Pediatric Abdominal Tuberculosis: A Disease with Many Faces

Rishi Bolia

Keywords : Pediatric abdominal tuberculosis, Acid fast bacilli

Citation Information : Bolia R. Pediatric Abdominal Tuberculosis: A Disease with Many Faces. Ann Pediatr Gastroenterol Hepatol 2020; 2 (3-4):1-8.

DOI: 10.5005/jp-journals-11009-0059

License: CC BY-NC 4.0

Published Online: 06-07-2022

Copyright Statement:  Copyright © 2020; The Author(s).


Abstract

Abdominal tuberculosis has been reported in 0.3-4% of all cases of childhood tuberculosis. It has been reported mainly from developing countries and is rarer in children as compared to adults. The commonest age group affected is 9-14 years. Abdominal pain, fever and weight loss are the most frequent symptoms on presentation and diagnosis is often delayed by 4-6 months. There is a variability in the distribution of the disease within the abdomen reported from different centres and multiple abdominal sites are frequently involved.
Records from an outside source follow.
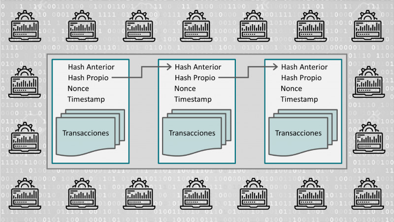 En cada bloque se almacena una cantidad de registros o transacciones válidas, información referente a ese bloque, su vinculación con el bloque anterior y el bloque siguiente a través del hash de cada bloque ─un código único que sería como la huella digital del bloque. Cada bloque tiene un lugar específico e inamovible dentro de la cadena. La cadena completa se guarda en cada nodo de la red que conforma la blockchain, por lo que se almacena una copia exacta de la cadena en todos los participantes de la red.
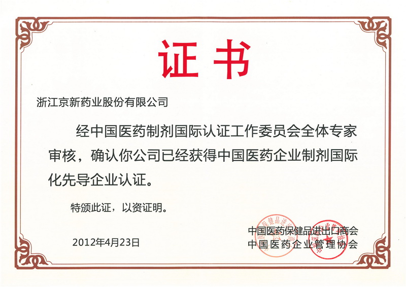 4月23日,第67屆全國(guó)藥品交易會(huì)上舉辦了2012中國(guó)醫(yī)藥企業(yè)營(yíng)銷高峰論壇,論壇正式發(fā)布了“中國(guó)醫(yī)藥國(guó)際化制劑認(rèn)證企業(yè)第一批先導(dǎo)性企業(yè)”名單,共有15家醫(yī)藥企業(yè)獲此殊榮,京新藥業(yè)名列其中。
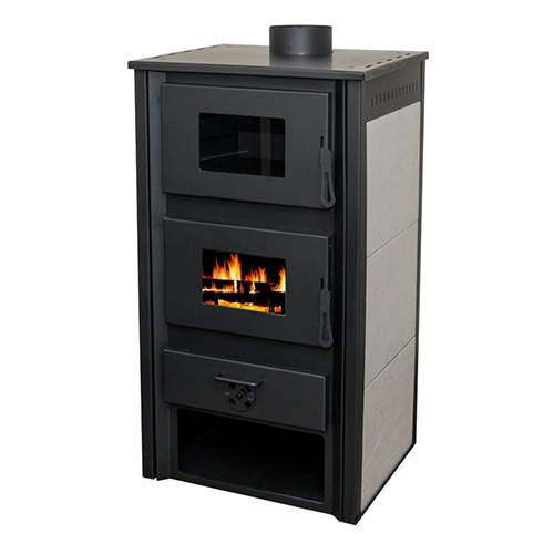 Termosistem Камін-піч квадратний верх прямий (дверцята сталеві +скло) "CIRIH" 10 кВт. (85кг.) "КЕРАМІКА-КРЕМОВИЙ"

Overall, the spectrum of disease in children is different from adults, peritoneal and lymph nodal involvement being more common than gastrointestinal disease. Chest x-ray shows pulmonary involvement in up to 25% even in the absence of symptoms and 1/3rd have history of contact with an infected adult. Abdominal imaging is an important preliminary investigation and helps in guiding further evaluation. It's important to try and establish bacteriological and/or histopathological confirmation by obtaining appropriate samples (ascitic fluid, endoscopic biopsies, imaging-guided aspiration from lymph nodes, omentum etc. depending on involved site), however it's possible in only 23-47% cases and one may often have to resort to a therapeutic trial. Standard anti-tuberculous drugs are generally effective and are given for 9-12 months. A proper follow.up is important and the improvement should be assessed both subjective improvement and by objective parameters (such as endoscopic healing and resolution of imaging features). Surgery is reserved for patients who have developed a perforation or obstruction not responding to medical management.